There has become a trend lately of writing to yourself at a younger age with the lessons you know now. It’s a wonderful reflection time to revisit all the things that have molded you into what you have become, but it’s just not practical.
If I were to write myself a letter, I would not have been daring enough to see future events through.
I certainly would have chosen paths a lot easier, than the one I found myself wandering.
But if I had found a letter in my youth that I had written today, I think this is what it would have said:
You might want to sit down for this. No, seriously. Sit down, I’ll wait.
First, you have a tendency to read between the lines and be skeptical. Don’t do that here.
Secondly, whether you like what you are going to read here or not, it is your path to purpose. Consider this a heads-up, but you can’t change anything that is going to happen or you won’t be who you are meant to be.
Let’s get started, shall we?
You know that wild streak of independence you have? You are going to need that in your mid 30s. There will be a moment (and you’ll know it when it happens) that no matter what your fear is or how much you think you can’t do it alone; you are going to have to. You will need to cling to it for survival for a while. That independence that promotes the feeling of not caring what others think or tell you to do, is going to be essential.
Similarly, that humor that is slightly dark and often sarcastic; go ahead and keep that. Right now some don’t seem to “get you” and you feel alone, but trust me when I tell you that you will be remembered later in life for it.
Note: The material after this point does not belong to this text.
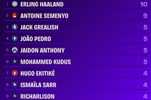 体育资讯10月6日讯 英超第7轮比赛,曼城以1-0的比分小胜布伦特福德。本场比赛,哈兰德打进全场唯一进球,成为本赛季英超首位直接参与10粒进球的球员。
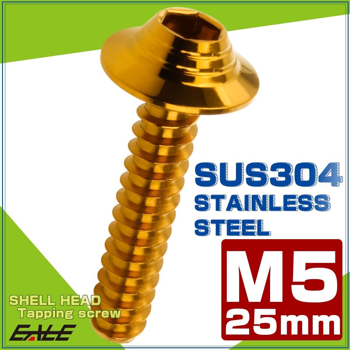- タッピングネジ M5×25mm SUS304 ステンレス シェルヘッド 六角穴 フランジ付き ネジ ゴールド TC0145

There are little things that you say right now, that are impacting people and you aren’t aware of it.
That concept you have of marrying Prince Charming and not having any kids while the two of you travel into the wilds of Africa? This one is a doozy and I hate to spoil it for you; but let me just tell you that it’s good you have a sense of humor.
I know you sit in Church faithfully every Sunday and you half listen. You have a tendency to flip to the “stories” in the Bible during lessons and let your mind wander away. It’s OK, because while you think you are just reading stories, the truth of faith, grace, mercy and forgiveness are being committed to a small part of your soul that will in a moment of utter desperation be recalled and help you rise from the ashes as you remember all those who went before you.
Keep practice writing your short stories, humorous anecdotes, poetry and insights of the little things. You have no idea where this is going to lead you and it’s going to humble you beyond measure.
You have this stubborn selfish part of your mind that tells you no matter what happens, you can do better and you deserve better. There will come a day that you will be lying there battered and hopeless. That little voice that seems selfish will be your savior in those times. It will also come to truth when your path twists suddenly and it is proved that you do deserve better and you get it.
Still sitting down?
Your life is going to be a test of pain for quite some time, but know that its all going to worth it. Every single time that you fall and feel alone, you aren’t. Every step, every stumble, every victory, every broken heart; its worth it. You are going to overcome and exceed your dreams, because it is your purpose.
There is going to be about 2 hours in your life that you consider quitting everything. The amount of guilt, hurt and utter despair is going to overwhelm you to the point of desperation. In those moments you will feel the still, quiet voice of your Father in your heart. You will be so covered in love and forgiveness that you will endure. You will be saved when you need it the most and you will be reminded that you are worth everything.
This life? It’s going to be beautiful and shining after the darkest moments.
You are going to be fine.
You are going to be blessed.
You are going to be amazing in ways that you cannot comprehend.
…and frankly…I can’t wait to see your face when you see what your purpose actually is.